During that time, enrolled members of the Osage Indian nation were among the wealthiest people per capita in the world. The rich oil fields beneath their reservation brought millions of dollars into the tribe annually, distributed to tribal members holding "headrights" that could not be bought or sold but only inherited. This vast wealth attracted the attention of unscrupulous whites who found ways to divert it to themselves by marrying Osage women or by having Osage declared legally incompetent so the whites could fleece them through the administration of their estates.

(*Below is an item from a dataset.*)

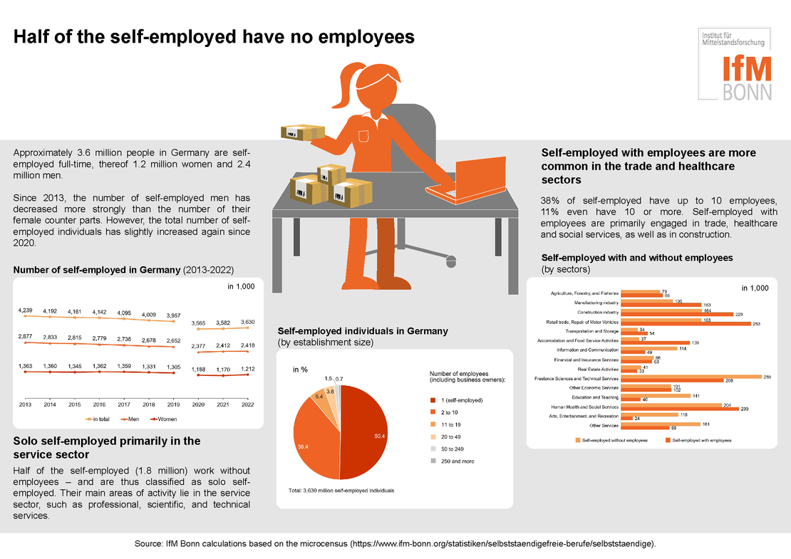 The researchers at IfM Bonn compile numerous statistical data on the Mittelstand in general as well as on small and Medium-sized enterprises (SMEs), the self-employed and family businesses in particular regularly.

For some, however, these deceptive tactics were not enough, and a plague of violent death—by shooting, poison, orchestrated automobile accident, and bombing—began to decimate the Osage in what they came to call the "Reign of Terror." Corrupt and incompetent law enforcement and judicial systems ensured that the perpetrators were never found or punished until the young J. Edgar Hoover saw cracking these cases as a means of burnishing the reputation of the newly professionalized FBI. Bestselling New Yorker staff writer Grann (The Devil and Sherlock Holmes: Tales of Murder, Madness, and Obsession, 2010, etc.) follows Special Agent Tom White and his assistants as they track the killers of one extended Osage family through a closed local culture of greed, bigotry, and lies in pursuit of protection for the survivors and justice for the dead. But he doesn't stop there; relying almost entirely on primary and unpublished sources, the author goes on to expose a web of conspiracy and corruption that extended far wider than even the FBI ever suspected. This page-turner surges forward with the pacing of a true-crime thriller, elevated by Grann's crisp and evocative prose and enhanced by dozens of period photographs.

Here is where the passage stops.